Biden exercised his authority under the Antiquities Act, a statute signed into law by Theodore Roosevelt in 1906 that gives the President power to establish national monuments on federal lands.
With Biden’s order, Bears Ears is now co-managed by the Bureau of Land Management and a coalition of five Native American tribes whose ancestors inhabited the region: the Hopi Tribe, the Navajo Nation, the Ute Mountain Ute Tribe, the Ute Indian Tribe, and the Pueblo of Zuni.
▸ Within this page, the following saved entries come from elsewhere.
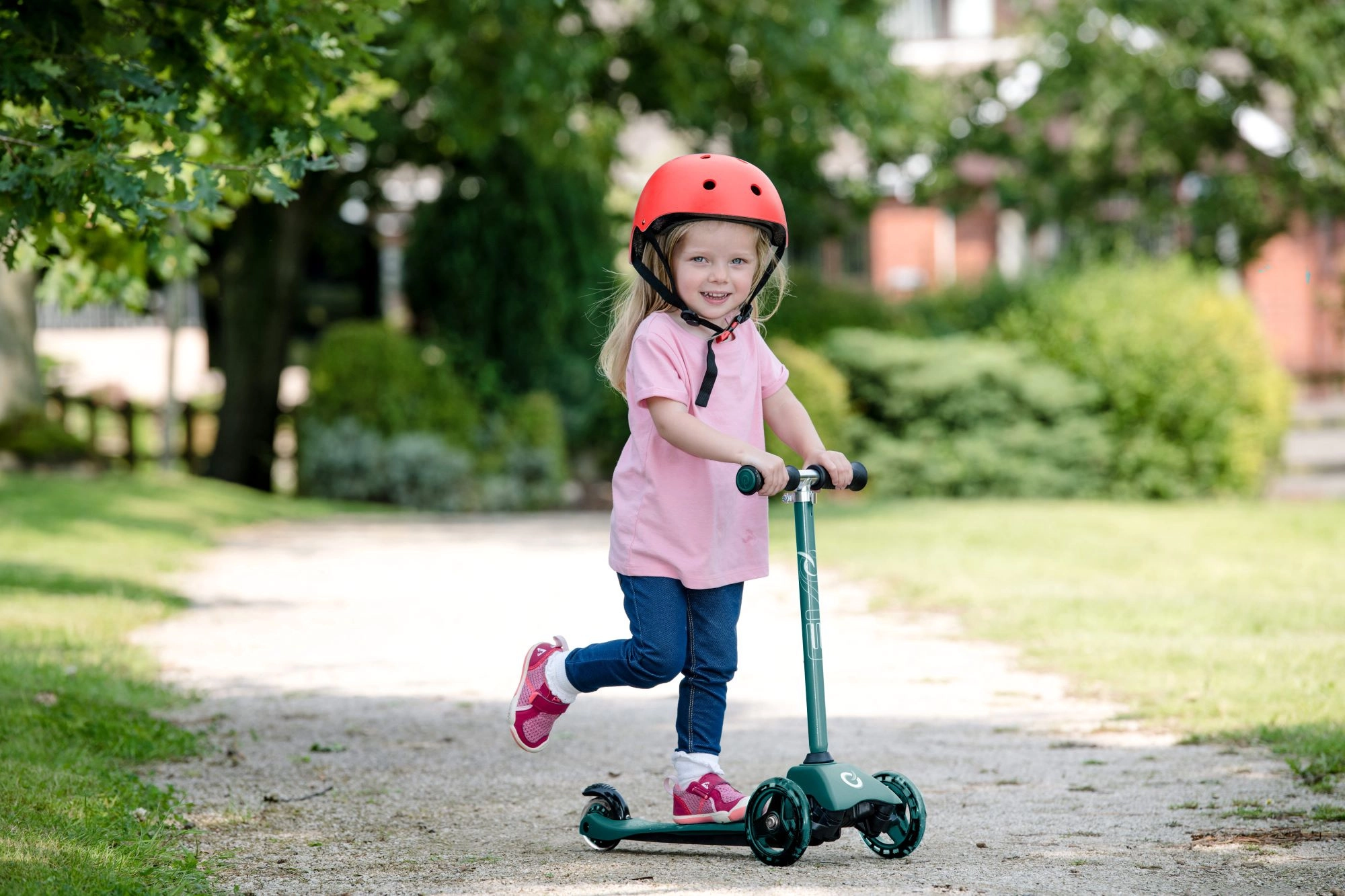 Du didesni priekiniai ratai laiko kryptį ir didina pasitikėjimą atsistumti. Galinis sparnas veikia kaip patikimas kojinis stabdis saugiam sustojimui.
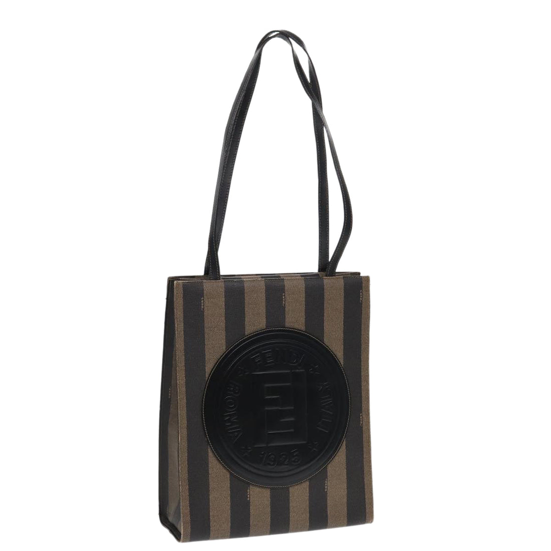 FENDI Pecan Canvas Tote Bag Brown Black gold Auth ep5527
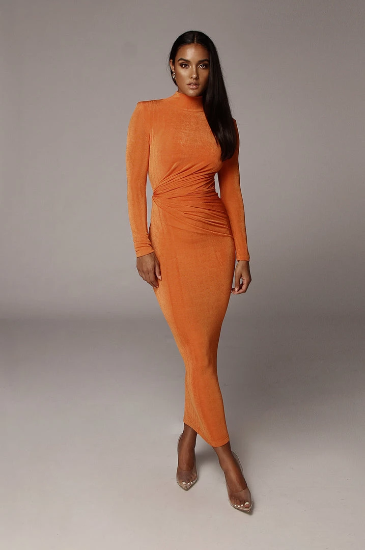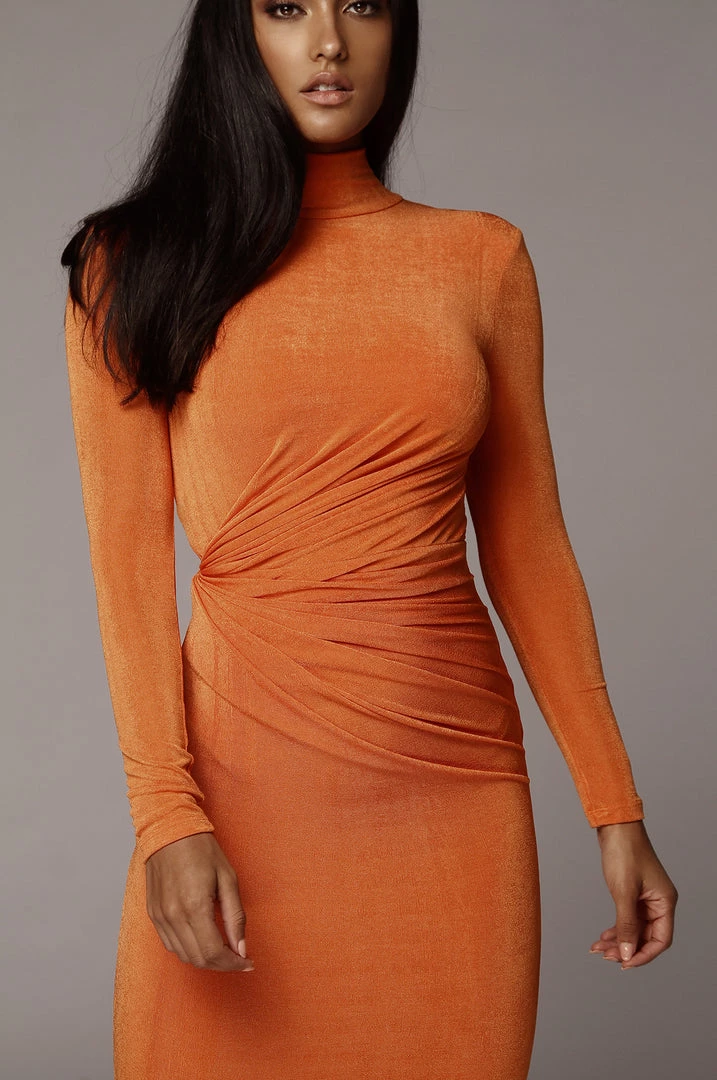 EXCLUSIVELY DESIGNED BY US FOR YOU. Steal the show in our ORANGE KARA MOCK NECK DRESS! Curated in our signature slinky fabric, this luxurious midi dress features a high neckline with long sleeves, shoulder padding, and gorgeous gathering detail at the waist for a stylish touch. Pair with our GLASS DOLL CLEAR PUMPS for a complete look. Double button neck back closure. Stretchy. Double lined.
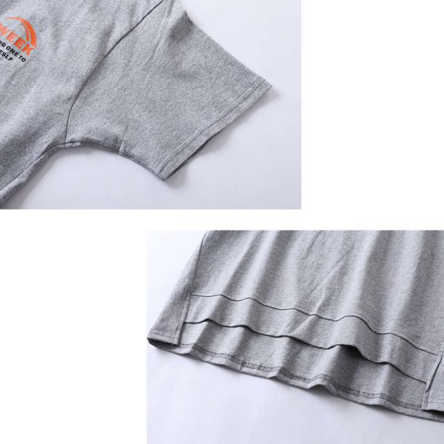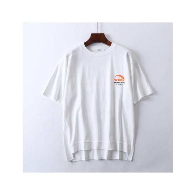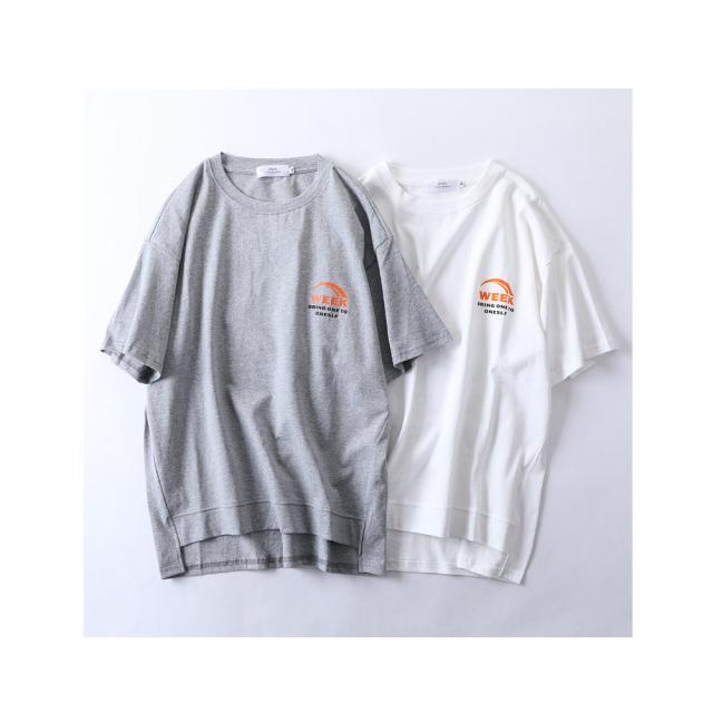 英字のシンプルなロゴが背中に入った半袖Tシャツ後身頃を長くした、後ろ下がりのデザインで動きのあるスタイルは
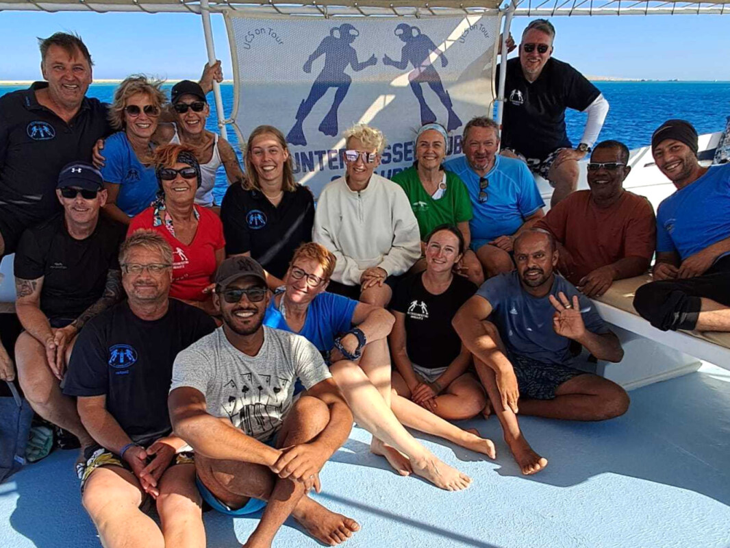 Nach der Pause sind wir bei Fanadir Foc Foc ins Wasser gesprungen und beim 15-Meter-Block wieder aufgetaucht. Das war unser Abschiedstauchgang im Roten Meer für unsere liebe Gruppe. Wir haben zwei Schildkröten, zwei Buckeldrachenköpfe, eine Variable Warzenschnecke, eine Baby-Riesenmuräne, zwei große Riesenmuränen, drei Fransendrachenköpfe, einen Oktopus und viele bunte Fische gesehen. Nach dem Auftauchen hat uns die Crew der Vardus ein sehr leckeres Mittagessen zubereitet und wir haben die letzten Momente auf dem Roten Meer noch einmal richtig genossen. Jetzt sind wir auf dem Weg zur ScuBAR, um unsere Deko-Drinks zu genießen. Morgen ist ein neuer Tag und ein neues Abenteuer beginnt! Bis morgen …
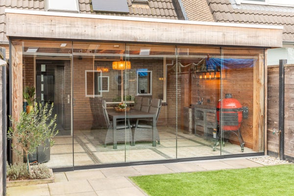 Met de glazen schuifwand creëer je hier het hele jaar door een heerlijke plek om te ontspannen.
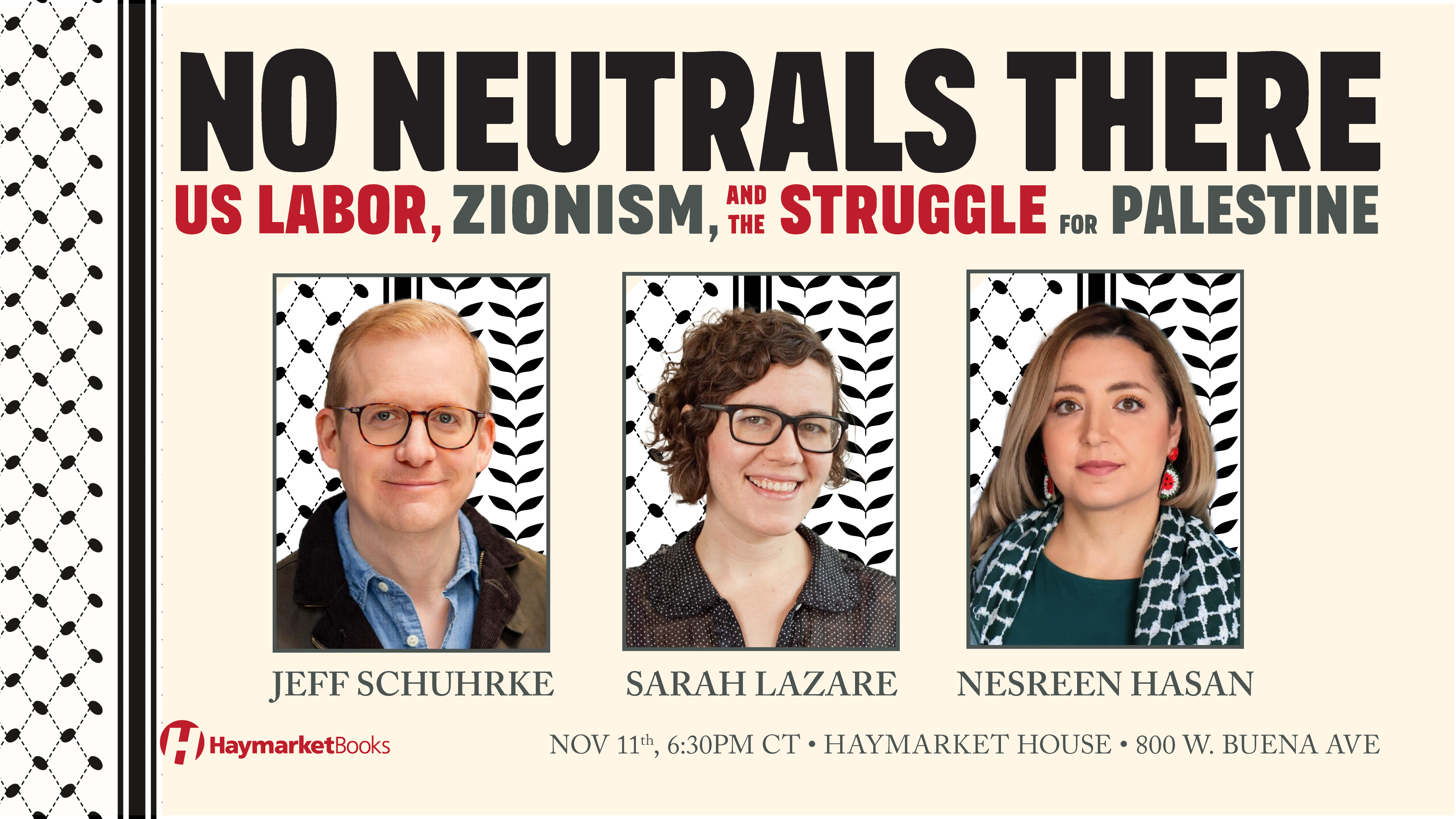 Join Jeff Schuhrke, Sarah Lazare, Nesreen Hasan in conversation about Schuhrke latest book No Neutrals There: US Labor, Zionism, and the Struggle for Palestine. A book that convincingly demonstrates that unions in the United States have never been silent or neutral on the question of Palestine. In fact, they have played a key role—in the initial Zionist colonization of Palestine, the foundation of the Israeli state in 1948, supporting US foreign policy commitments to Israel, and the ongoing suppression of the Palestinian liberation movement.
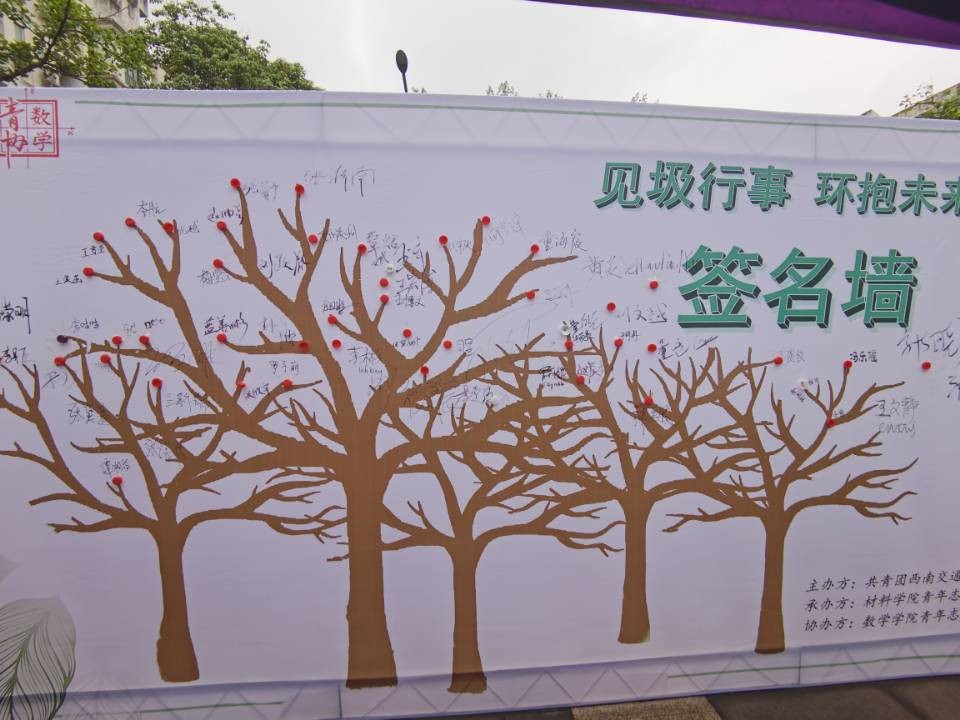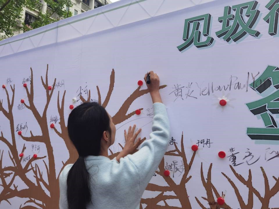 签名墙活动中,同学们在签名墙签上自己的名字后贴上瓶盖,与熟悉的人或陌生人共同谱写出一幅环保蓝图。
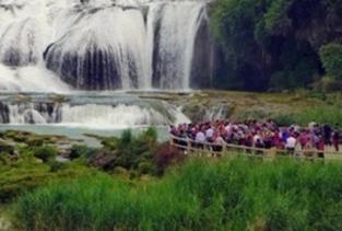 陡坡塘瀑布顶上是一个面积达1.5万平方的巨大溶潭,瀑布形成在逶迤100多米长的钙华滩坝上,是83版西游记片尾的取景地。景区不大,一般40分钟即可游览完毕。
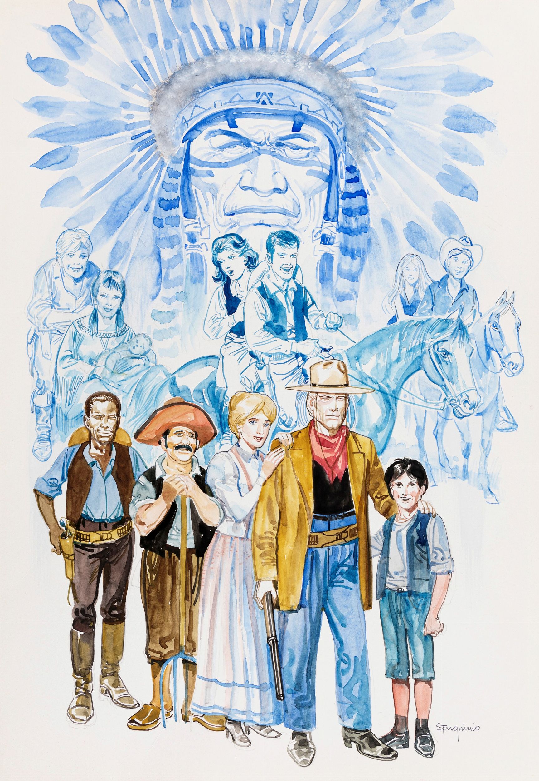 matita, china e acquerello su cartoncino, 35 x 50 cm anni 2000 Originale di copertina inedito realizzato da Tarquinio negli anni 2000 per La lunga marcia, episodio n. 63 della celebre collana Storia del West commissionato direttamente da Sergio Bonelli in vista di una futura ristampa.
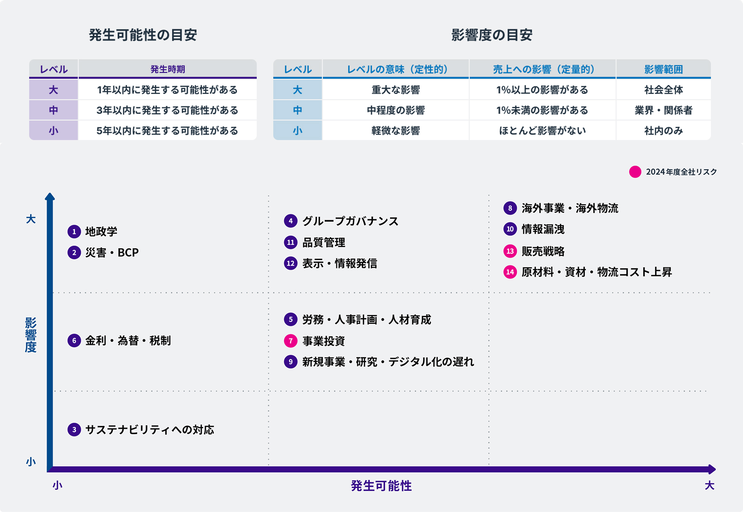 当社は2024年度までに、日本を拠点に13の国と地域への進出を果たし、グローバル戦略を推進してまいりました。こうした展開に伴い、災害や国際情勢の緊張などの地政学リスクが、調達・生産・物流・販売といったグローバルな事業活動に大きな影響を与える可能性が考えられます。サプライチェーンマネジメント、事業継続計画(BCP)、情報セキュリティの観点も踏まえながら、情報の収集・分析・共有と対策について検討を行ってまいります。
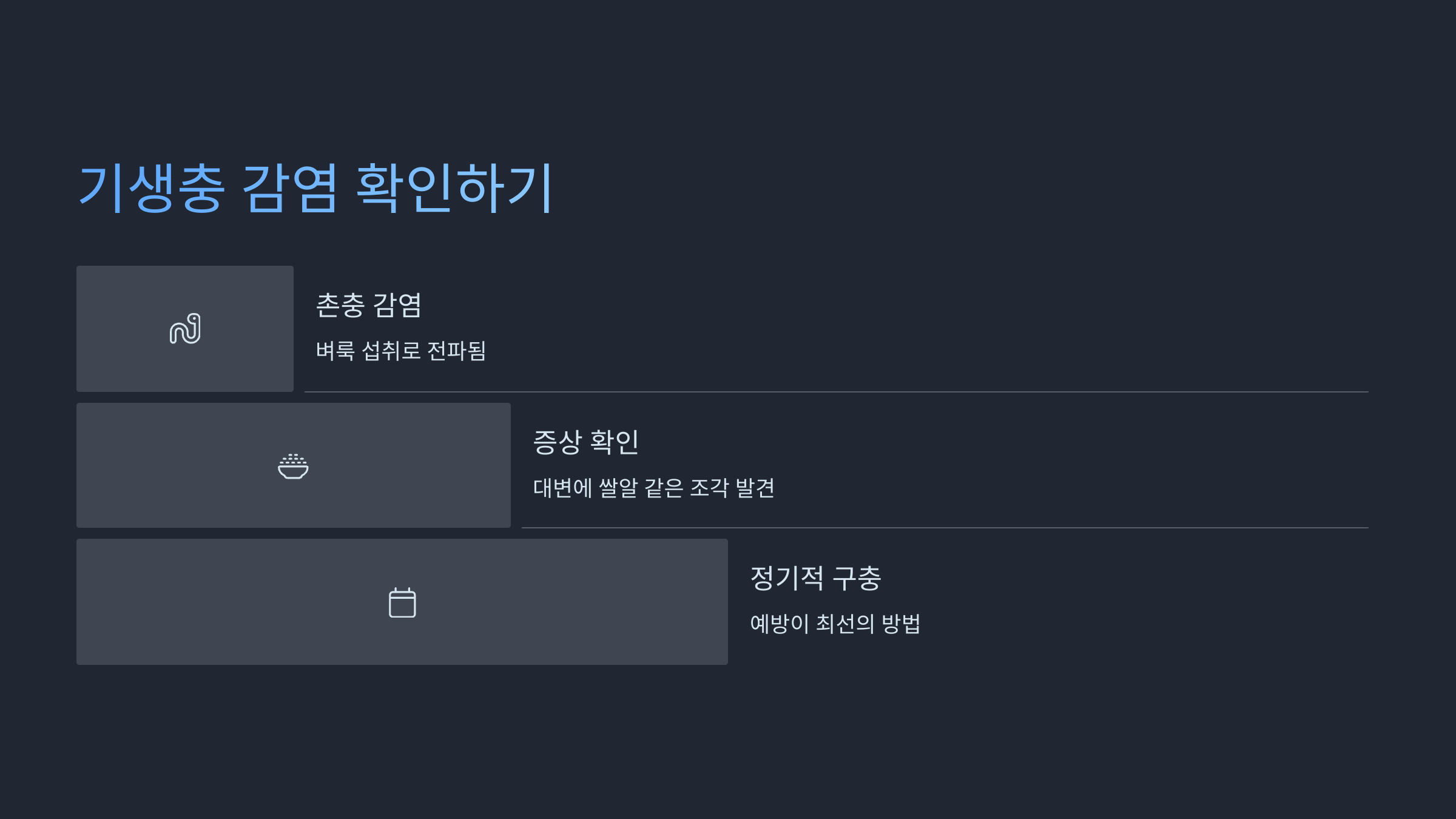 정기적인 구충을 하고 있는지 확인하고, 구충 시기가 지났다면 꼭 챙겨주세요.
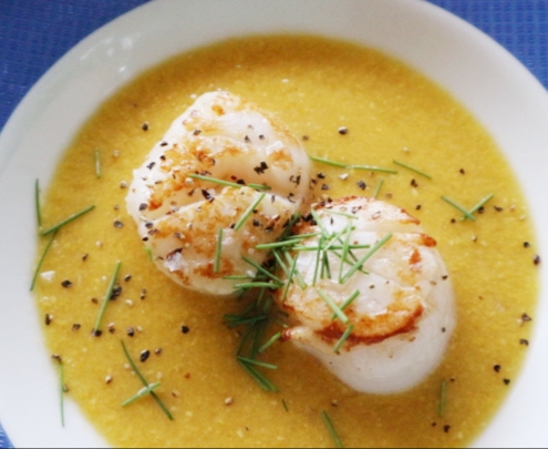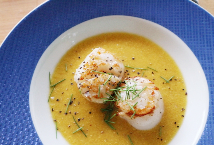 Denne suppen eller juicen fikk vi da vi spiste på Los Guayres i Puerto de Mogan på Gran Canaria i februar. Den ble da servert med en østers og det var en skikkelig smaksopplevelse. Oppskriften fikk vi ikke så dette er et hjemmesnekret forsøk på å få til noe lignende, her med kamskjell.

The site, named for its signature twin buttes that can be seen from hundreds of miles away, is home to thousands of archeological treasures, including rock paintings, pottery fragments, and dinosaur fossils. But its significance is not just historical, said Patrick Gonzales-Rogers, executive director of the Bears Ears Inter-Tribal Coalition, who called Biden’s order “monumental.”
“These are living places,” he said, referring to Bears Ears as a “cathedral” for the tribes of the coalition. “It is not just about the preservation of the great outdoors. It’s about protecting the places of worship and cultural practice for the tribes that we represent.”
Like Bears Ears, Grand Staircase-Escalante is overseen by the Bureau of Land Management and spans sandstone canyons, cliffs, and mesas, and houses some of the country’s most prized examples of native art and fossils.